=== Supplied information ===

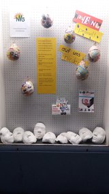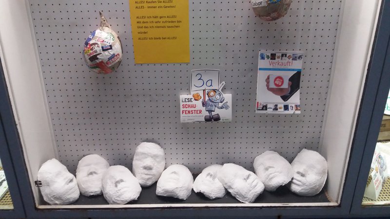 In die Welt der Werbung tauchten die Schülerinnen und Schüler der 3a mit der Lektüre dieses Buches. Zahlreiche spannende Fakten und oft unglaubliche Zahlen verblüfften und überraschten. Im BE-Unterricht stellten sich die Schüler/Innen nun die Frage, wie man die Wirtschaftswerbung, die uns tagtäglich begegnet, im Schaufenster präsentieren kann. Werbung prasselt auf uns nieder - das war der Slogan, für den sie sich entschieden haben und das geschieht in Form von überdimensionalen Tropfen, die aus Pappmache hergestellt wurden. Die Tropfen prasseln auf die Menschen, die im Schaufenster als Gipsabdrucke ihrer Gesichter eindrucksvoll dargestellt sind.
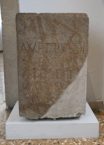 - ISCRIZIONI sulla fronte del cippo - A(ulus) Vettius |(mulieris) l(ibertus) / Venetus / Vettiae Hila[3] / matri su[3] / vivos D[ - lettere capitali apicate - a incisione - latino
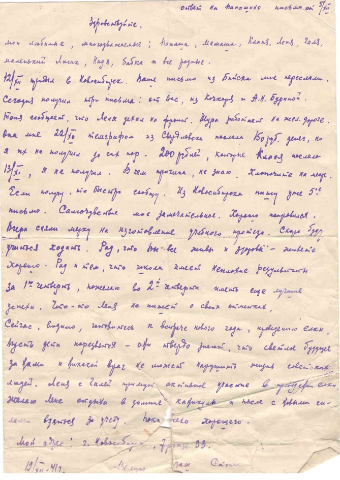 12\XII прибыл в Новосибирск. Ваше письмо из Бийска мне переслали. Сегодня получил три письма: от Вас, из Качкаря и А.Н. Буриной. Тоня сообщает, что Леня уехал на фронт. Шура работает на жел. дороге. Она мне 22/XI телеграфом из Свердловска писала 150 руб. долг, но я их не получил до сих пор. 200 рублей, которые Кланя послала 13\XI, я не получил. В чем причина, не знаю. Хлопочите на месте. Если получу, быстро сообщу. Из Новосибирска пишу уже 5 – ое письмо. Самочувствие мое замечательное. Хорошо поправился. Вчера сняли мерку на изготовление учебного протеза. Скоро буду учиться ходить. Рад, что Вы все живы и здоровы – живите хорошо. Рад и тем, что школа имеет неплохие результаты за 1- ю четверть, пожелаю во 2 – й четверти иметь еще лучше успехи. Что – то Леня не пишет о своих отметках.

===

Task details - Your answer must be an exact copy of the lines from the line with "- ISCRIZIONI sulla" to the final line of the data, both ends included, and no pictures.

Problem solution -
 - ISCRIZIONI sulla fronte del cippo - A(ulus) Vettius |(mulieris) l(ibertus) / Venetus / Vettiae Hila[3] / matri su[3] / vivos D[ - lettere capitali apicate - a incisione - latino
 12\XII прибыл в Новосибирск. Ваше письмо из Бийска мне переслали. Сегодня получил три письма: от Вас, из Качкаря и А.Н. Буриной. Тоня сообщает, что Леня уехал на фронт. Шура работает на жел. дороге. Она мне 22/XI телеграфом из Свердловска писала 150 руб. долг, но я их не получил до сих пор. 200 рублей, которые Кланя послала 13\XI, я не получил. В чем причина, не знаю. Хлопочите на месте. Если получу, быстро сообщу. Из Новосибирска пишу уже 5 – ое письмо. Самочувствие мое замечательное. Хорошо поправился. Вчера сняли мерку на изготовление учебного протеза. Скоро буду учиться ходить. Рад, что Вы все живы и здоровы – живите хорошо. Рад и тем, что школа имеет неплохие результаты за 1- ю четверть, пожелаю во 2 – й четверти иметь еще лучше успехи. Что – то Леня не пишет о своих отметках.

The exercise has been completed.